Response: Fixed, more simply

Comment on section 9.1, Duerst

Why is there no <?xml version="1.0">, similar to 9.2? Why are there no cases without any XML declaration (difficult to represent in the current way but very realistic)?

Response: Disjunct added

Comment on section 9.1, Duerst

If sent using a 7-bit transport (e.g., SMTP[RFC0821]), the XML MIME entity MUST use a content-transfer-encoding of either quoted- printable or base64.

I may be wrong here, but in my understanding, it would be possible to send pure US-ASCII labeled as UTF-8 through 7-bit transport (i.e. what defines the transport is the actual data and not the potential bit patterns allowed by the charset).

Response: Clarified to the general case

Comment on section 9.5, Duerst

9.5: This is lengthy. Remove "and UTF-8 Entity" from the title, and simply say that this is interpreted as UTF-8 because that's the default for XML.

Response: Done, perhaps more than you intended

Comment on section 9.6, Duerst

9.6 "Observe that the BOM does not exist." -> "Observe that the BOM isn't present." or "Observe that there is no BOM." (the BOM exists as well as any other character :-)

Response: Heh. Fixed.

Comment on section 9.8, HST

UCS-4 is now deprecated, and this one is confusing anyway. Get rid of it.

Response: Done

Comment on section 5, Duerst

A registry of XPointer schemes [XPtrReg] is maintained at the W3C. Document authors SHOULD NOT use unregistered schemes. Scheme authors SHOULD register their schemes ([XPtrRegPolicy] describes requirements and procedures for doing so).

I fully agree with the SHOULDs here, but they don't belong in this spec.

Response: Surely the normative specification for the interpretation of fragment identifiers can place constraints on their use? Or would you prefer this to read "Fragment identifiers matching XPointer syntax involving SHOULD NOT involve unregistered schemes. [XPtrRegPolicy] describes requirements and procedures for registering schemes."

Comment on section 8.2, Duerst

8.2, Reference: Replaces "This specification" with "RFC XXXX". This makes the template more portable. There are more occasions that would benefit from the same change.

Response: I don't agree. This is not a template, it is not here to be copied, except in the case of the "MUST make reference" bit of frag-id considerations, which a) is effectively a template and b) already uses XXXX

Comment on section 8.2, Duerst

8.2, Fragment identifier considerations: The two provisions "they MAY restrict the syntax to a specified subset of schemes" and "They MAY further require support for other registered schemes" look okay, but they leave open the question of what's the default. As far as I understand, barenames and element scheme pointers are the (bare :-) minimum, and so the first provision seems unnecessary. Removing that provision (and removing the "further" in the second provision) should make it clear that the minimum is the default.

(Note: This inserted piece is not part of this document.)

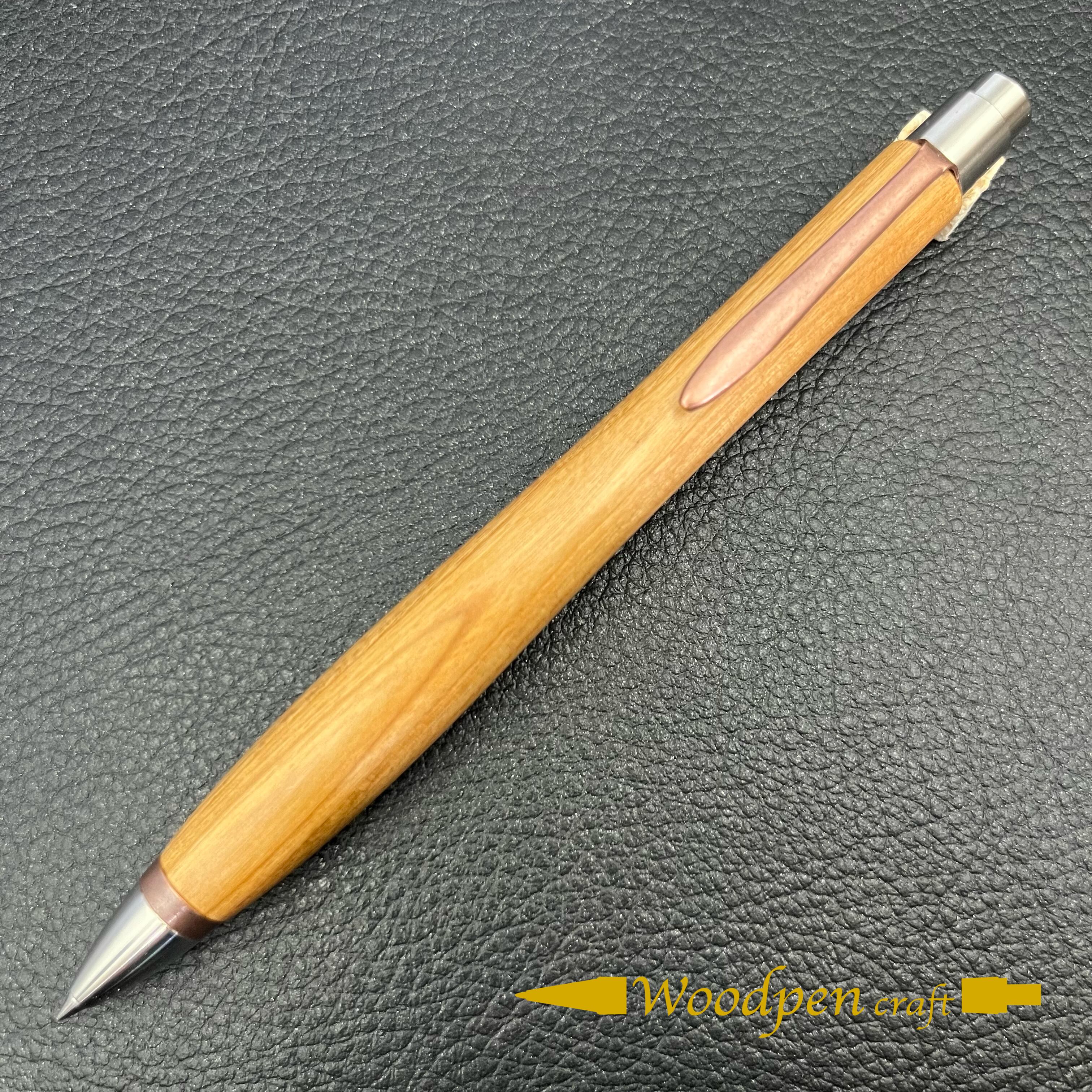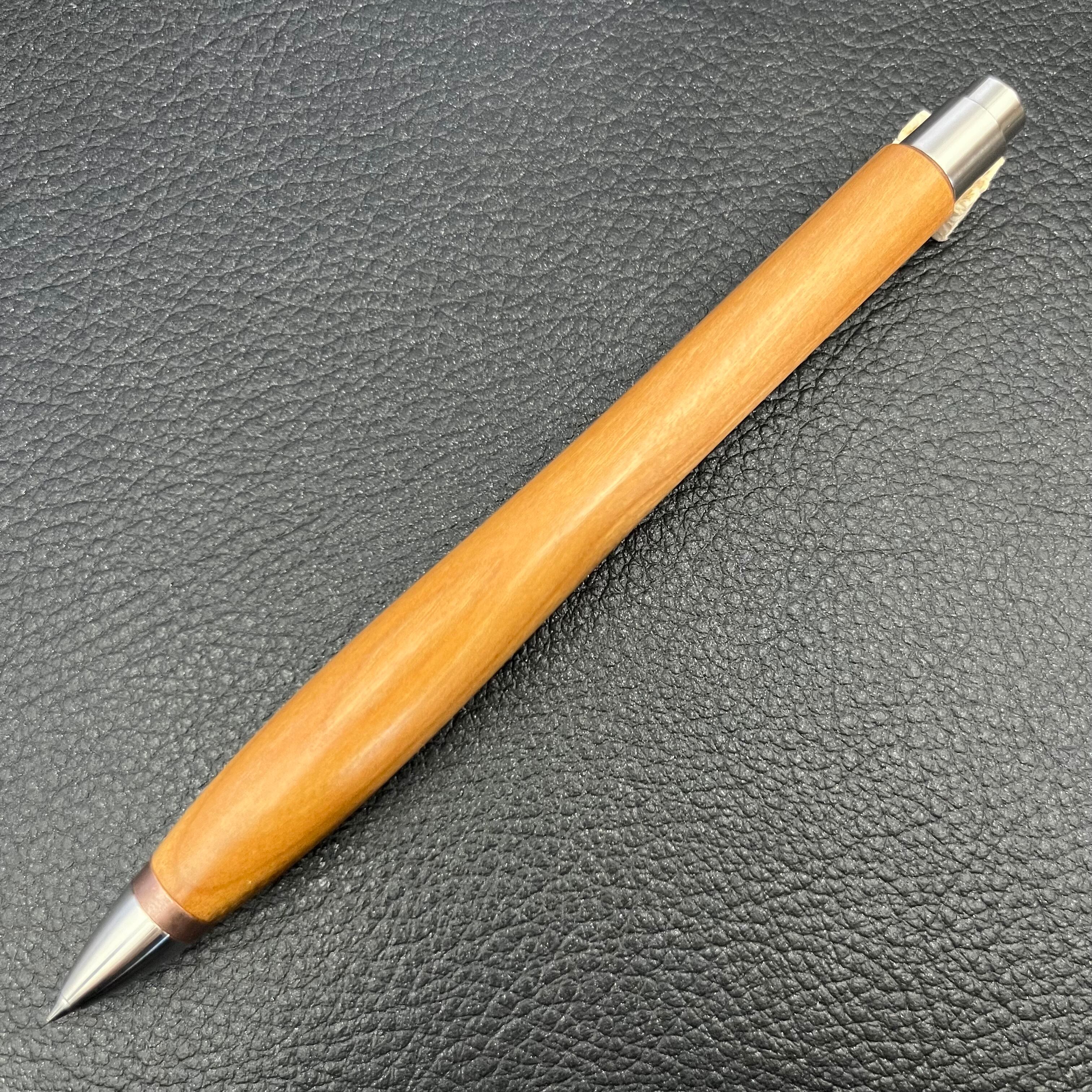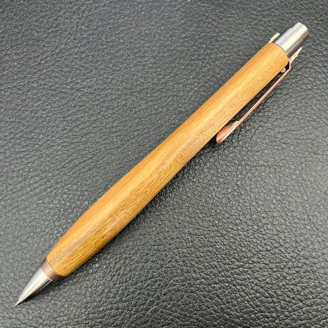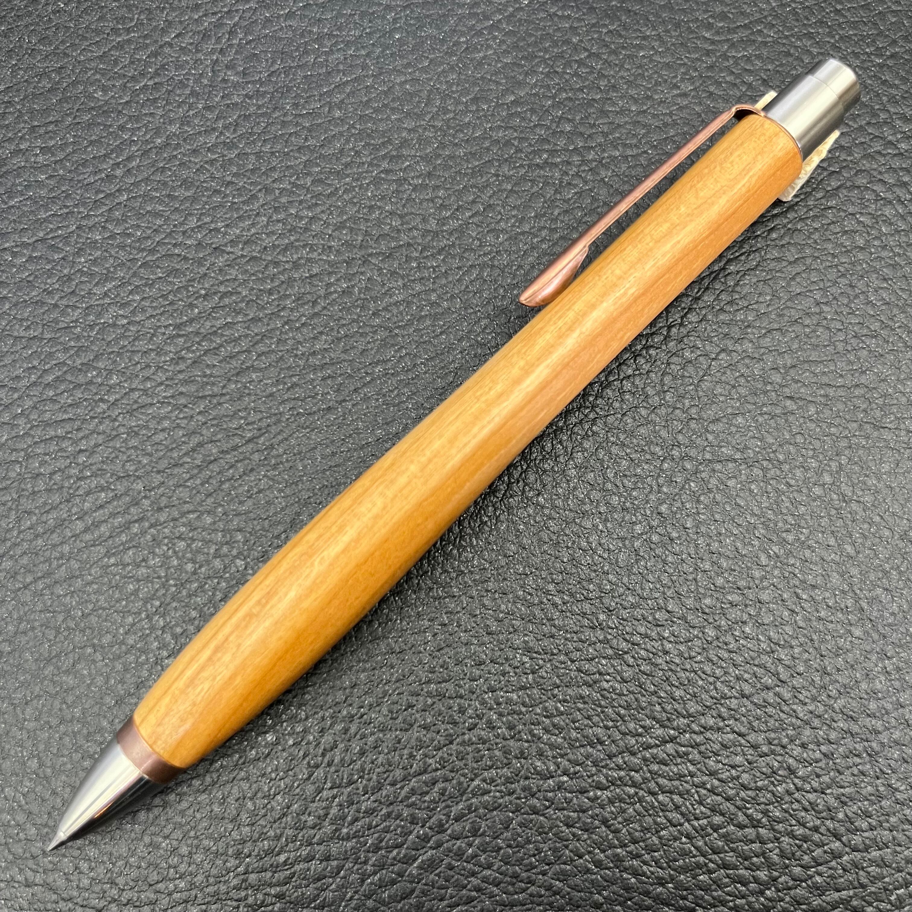 ボールペンのノックシステムは、ドイツ最高のクリックメカニズムを採用してあります。このメカニズムはユニークな機構のため、クリックしたときのカチカチ音が静かで、どんな場所でも気兼ねなく使うことができます。滑らかに動くこのプッシュ感覚を一度味わうと他には戻れなくなってしまうほどの魅力があります。 100分の1単位の加工精度で削り出されたペン先は、軸ブレも全くありません。
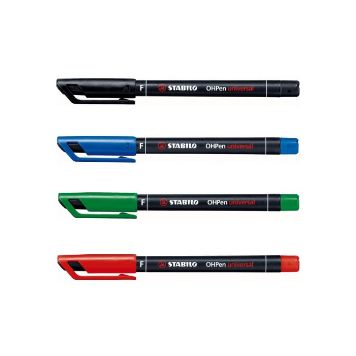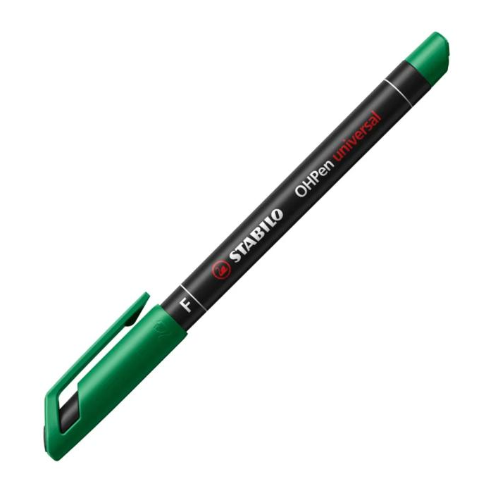 Permanentné popisovače na popisovanie takmer všetkých hladkých povrchov. Nekĺzavá úchytová zóna, praktický klip, bez vrchnáka vydrží až 3 dni. Väčšie balenie 10 ks v jednej farbe. STABILO® OHPen universal Fine (F). Hrot okrúhly, šírka stopy 0,7 mm. Farba zelená.

Response: I don't think your argument is correct. a foo+xml registration which states no restrictions allows any registered scheme to be used. So it's perfectly coherent for it to restrict to e.g. the minimum.

Comment on section 9.1, 9.2, Duerst

Section 9.1 and 9.2: The 7-bit/8-bit/binary considerations repeat what's already said in 3.1, so they should be replaced with a pointer to that section.

Response: The examples repeat a lot from higher up -- it's intentional (and carried forward from 3023)

Comment on section 9.3, Duerst

9.3: The title includes "and 8-bit MIME entity", but the considerations apply equally well e.g. to encoding="iso-2022-jp", which is 7-bit.

Response: 8859-1 is an 8-bit encoding, that's what this is an example of. Changing the title would be confusing, IMO. Unchanged from 3023.